There seems to be something about the letter B: it has produced more great composers than any other letter of the alphabet...


----------



## Pugg (Aug 8, 2014)

Bellini as opera composer for sure.


----------



## hpowders (Dec 23, 2013)

I wouldn't elevate any of the other B's to the status of Bach, Beethoven, and Brahms.

Three's perfect company. Four's a disappointing crowd, diluted in talent.

A fine thread! No polyester. I like that! :tiphat:


----------



## Kivimees (Feb 16, 2013)

hpowders said:


> I wouldn't elevate any of the other B's to the status of Bach, Beethoven, and Brahms.
> 
> Three's perfect company. Four's a disappointing crowd, diluted in talent.
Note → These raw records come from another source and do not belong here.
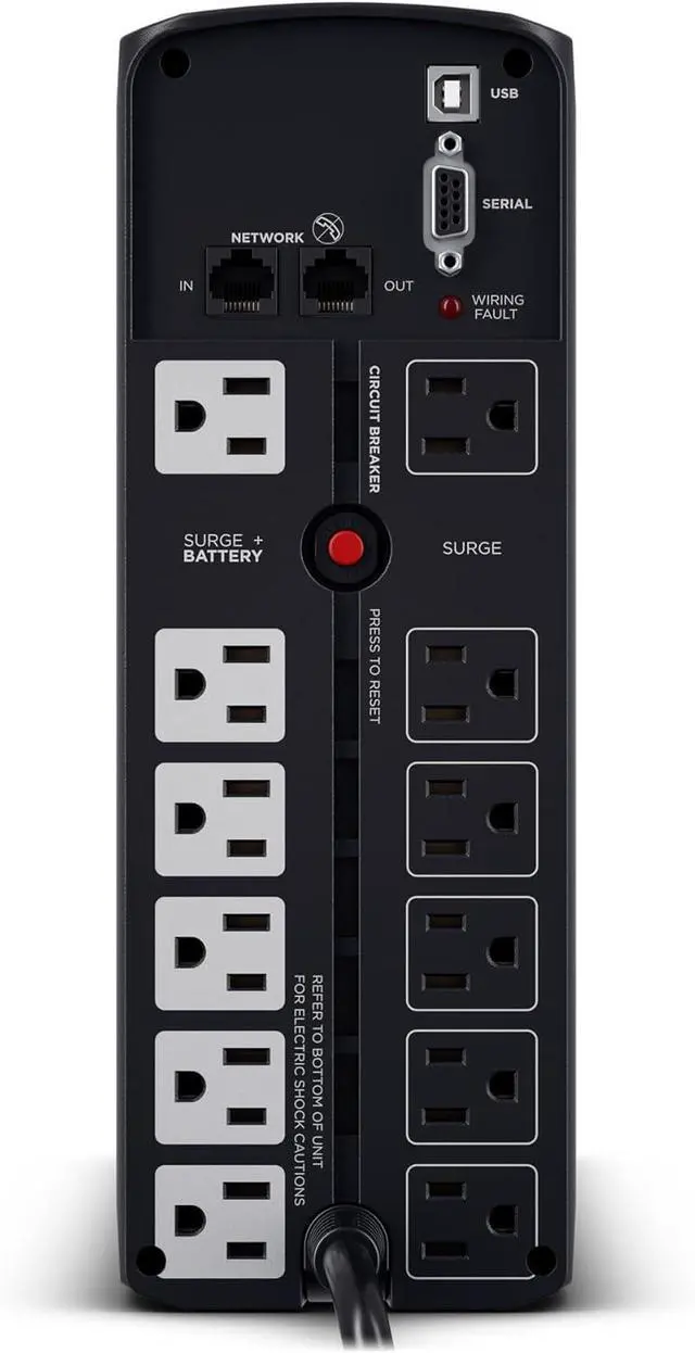 12 NEMA 5-15R OUTLETS: Six battery backup & surge protected outlets; Six surge protected outlets; INPUT: NEMA 5-15P right angle, 45 degree offset plug with five foot power cord
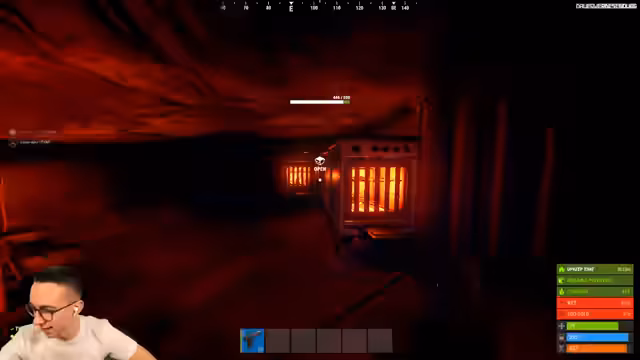 08:49:31Es wird geprüft, ob der Core offen ist und die Basis wird kurz erkundet. Es wird festgestellt, dass nicht mehr viel Gunpowder vorhanden ist, aber noch genug für ein paar Rockets. Es werden 5 C4 gecraftet und die vorhandenen 20 Rockets als ausreichend bewertet. Die Spieler stellen fest, dass die Basis bis zum offenen Core drei Single- und eine Garage-Türen hat. Eine Color wird für den Raid bereitgestellt und die Ausrüstung wird zusammengesucht. Es wird überlegt, ob eine Reihe Rockets und 5 C4 für den Anfang reichen. Die Spieler einigen sich darauf, Crude Oil in Low Grade umzurechnen und geben dem Chat 10 Minuten Zeit dafür. Alles, was in der Basis zu Loot verarbeitet werden kann, wird umgerechnet, einschließlich Crude Oil, Animal Fat und Logit. Die Farmstats eines Spielers werden überprüft, was zu Spekulationen führt, was er gefarmt hat.
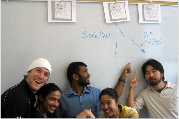 さて結果から述べると、6チーム中6位。株価は当初の34ドルから、10ドル、3ドル、1ドル、3ドル、1ドル・・・・を繰り返し、7年目は1ドル。最後の8年目ではじめての利益を計上し、ようやく31ドルまで戻し、今までの落ち込みが反転して一気にHappyな気分になれたのが救いでした。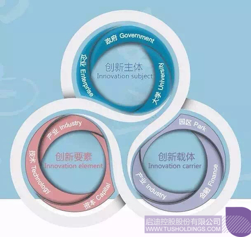 啟迪控股在多年的科技服務(wù)實踐中,以創(chuàng)新為基點,以產(chǎn)業(yè)為抓手,提煉出“創(chuàng)新主體:政府+企業(yè)+大學(xué),創(chuàng)新載體:園區(qū)+實業(yè)+金融,創(chuàng)新本體:技術(shù)+產(chǎn)業(yè)+資本”三個三螺旋多重交織的立體三螺旋模型,成為科技創(chuàng)新和產(chǎn)業(yè)升級的重要驅(qū)動。在此基礎(chǔ)上,把立體三螺旋模式與啟迪控股巨大的創(chuàng)新平臺網(wǎng)絡(luò)和啟迪控股匯聚的各路精英團隊相結(jié)合,形成新的三合一,這就是啟迪控股創(chuàng)造與實踐的“集群式創(chuàng)新”理論。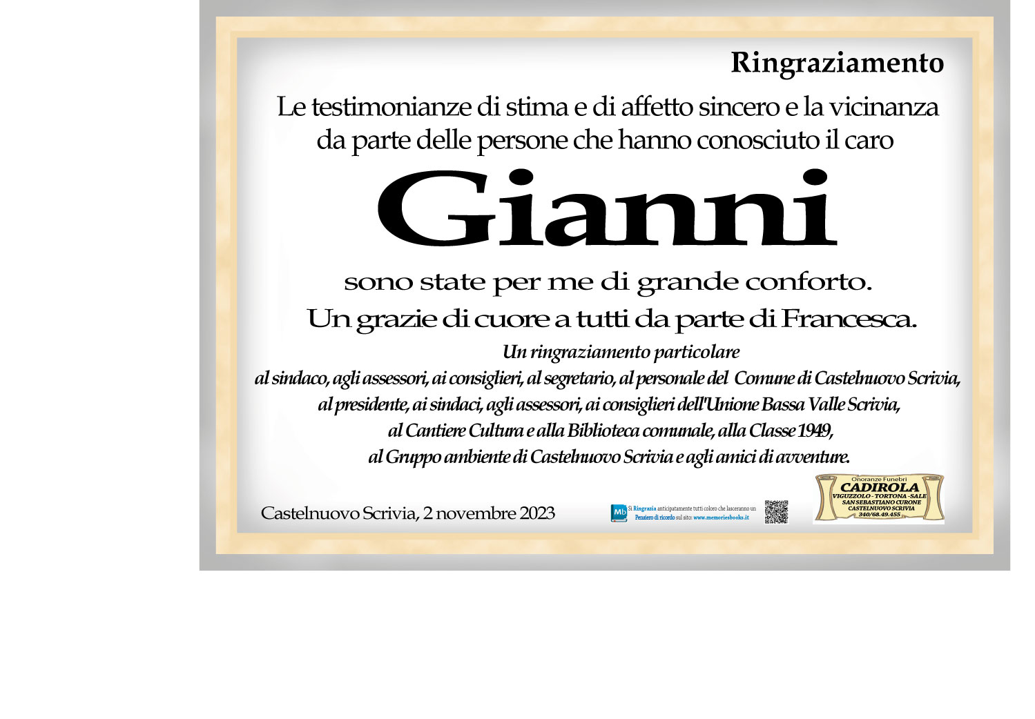 Ciao Gianni, ti ricorderemo sempre come persona eccezionale, onesta; all'interno della vita politica della nostra comunità, eri sempre disponibile con immensa cortesia ad ascoltare e risolvere i problemi dei tuoi concittadini. "Non piangete la sua assenza, sentitevi vicino, parlategli ancora, Vi amerà dal cielo come vi ha amati sulla terra." (Sant’Agostino). Con la preghiera e con tutto il nostro affetto abbracciamo Francesca in questo momento di lutto per l'improvvisa scomparsa del suo carissimo marito.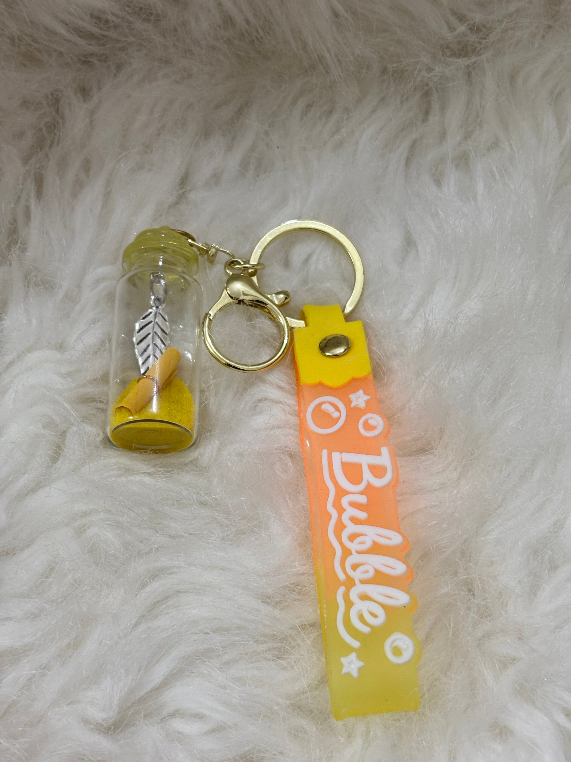 Yellow Hidden Message Glass Bottle Keychain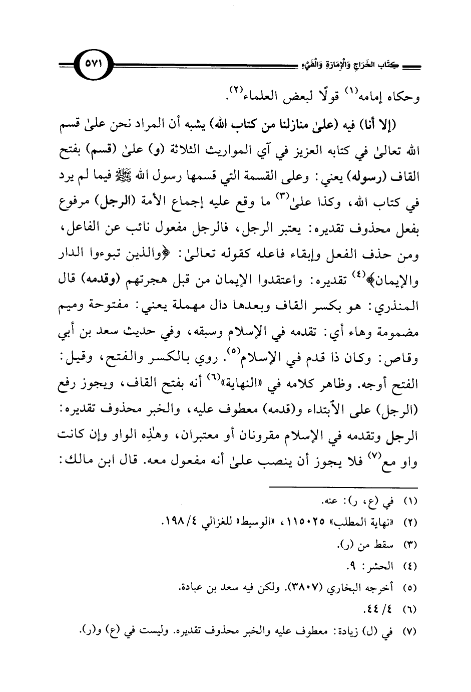 (إلا أنا) فيه (على منازلنا من كتاب الله) يشبه أن المراد نحن على قسم الله تعالى في كتابه العزيز في آي المواريث الثلاثة (و) على (قسم) بفتح القاف (رسوله) يعني: وعلى القسمة التي قسمها رسول الله - صلى الله عليه وسلم - فيما لم يرد في كتاب الله، وكذا على (¬3) ما وقع عليه إجماع الأمة (الرجل) مرفوع بفعل محذوف تقديره: يعتبر الرجل، فالرجل مفعول نائب عن الفاعل، ومن حذف الفعل وإبقاء فاعله كقوله تعالى: {وَالَّذِينَ تَبَوَّءُوا الدَّارَ وَالْإِيمَانَ} (¬4) تقديره: واعتقدوا الإيمان من قبل هجرتهم (وقدمه) قال المنذري: هو بكسر القاف وبعدها دال مهملة يعني: مفتوحة وميم مضمومة وهاء أي: تقدمه في الإسلام وسبقه، وفي حديث سعد بن أبي وقاص: وكان ذا قدم في الإسلام (¬5). روي بالكسر والفتح، وقيل: الفتح أوجه. وظاهر كلامه في "النهاية" (¬6) أنه بفتح القاف، ويجوز رفع (الرجل) على الابتداء و (قدمه) معطوف عليه، والخبر محذوف تقديره: الرجل وتقدمه في الإسلام مقرونان أو معتبران، وهذِه الواو وإن كانت واو مع (¬7) فلا يجوز أن ينصب على أنه مفعول معه. قال ابن مالك:
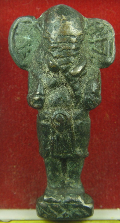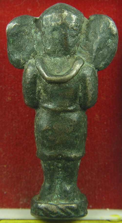 พระพิฆเนศโบราณ พิมพ์ยืน หายาก เนื้อโลหะสำริดโบราณพันปี เดิมๆ ให้สังเกตคราบสนิมเขียวครับ เวลาวางวัตถุมงคลไว้บนมือจะมีน้ำหนักหน่วงมือ เนื่องจากมวลสารที่ทำเป็นสำริดโบราณครับ สูงประมาณ ๔.๕ เซนติเมตรครับ |

I'll nominate Bax - just in case Bach, Beethoven and Brahms decide to play bridge, curl or form a biathlon relay team.


----------



## jdec (Mar 23, 2013)

I don't see any other B in the same height of Bach, Beethoven and Brahms.


----------



## bharbeke (Mar 4, 2013)

Bach, Beethoven, and Brahms are in a class by themselves. However, there are lots of great "B" composers out there.

Worthy of listening:

York Bowen
Hector Berlioz
Georges Bizet
Luigi Boccherini
CPE Bach
Max Bruch
Alexander Borodin
Ernest Bloch
Amy Beach

Some people like Britten, though I have not heard as much that I liked from him.


----------



## JACE (Jul 18, 2014)

If I were going to nominate any other "Bs" to join the club, it would be Berlioz.


----------



## CypressWillow (Apr 2, 2013)

How about Bibaldi? Bhopin? And, of course, Bozart?


----------



## starthrower (Dec 11, 2010)

IMO, in no way do Bartok or Berg dilute the cherished godhead of classical icons. Both composed some of the greatest quartets of the 20th century, not to mention the operas of Berg, or the piano concertos of Bartok.


----------



## Judith (Nov 11, 2015)

What about Bernstein & Borodin?


----------



## SixFootScowl (Oct 17, 2011)

Add Franz Berwald to the list.

Edit: My three B's would be Beethoven, Bellini, and Berwald.


----------



## Art Rock (Nov 28, 2009)

Bruckner as fourth (general), or to replace Beethoven if we keep it at three (personal).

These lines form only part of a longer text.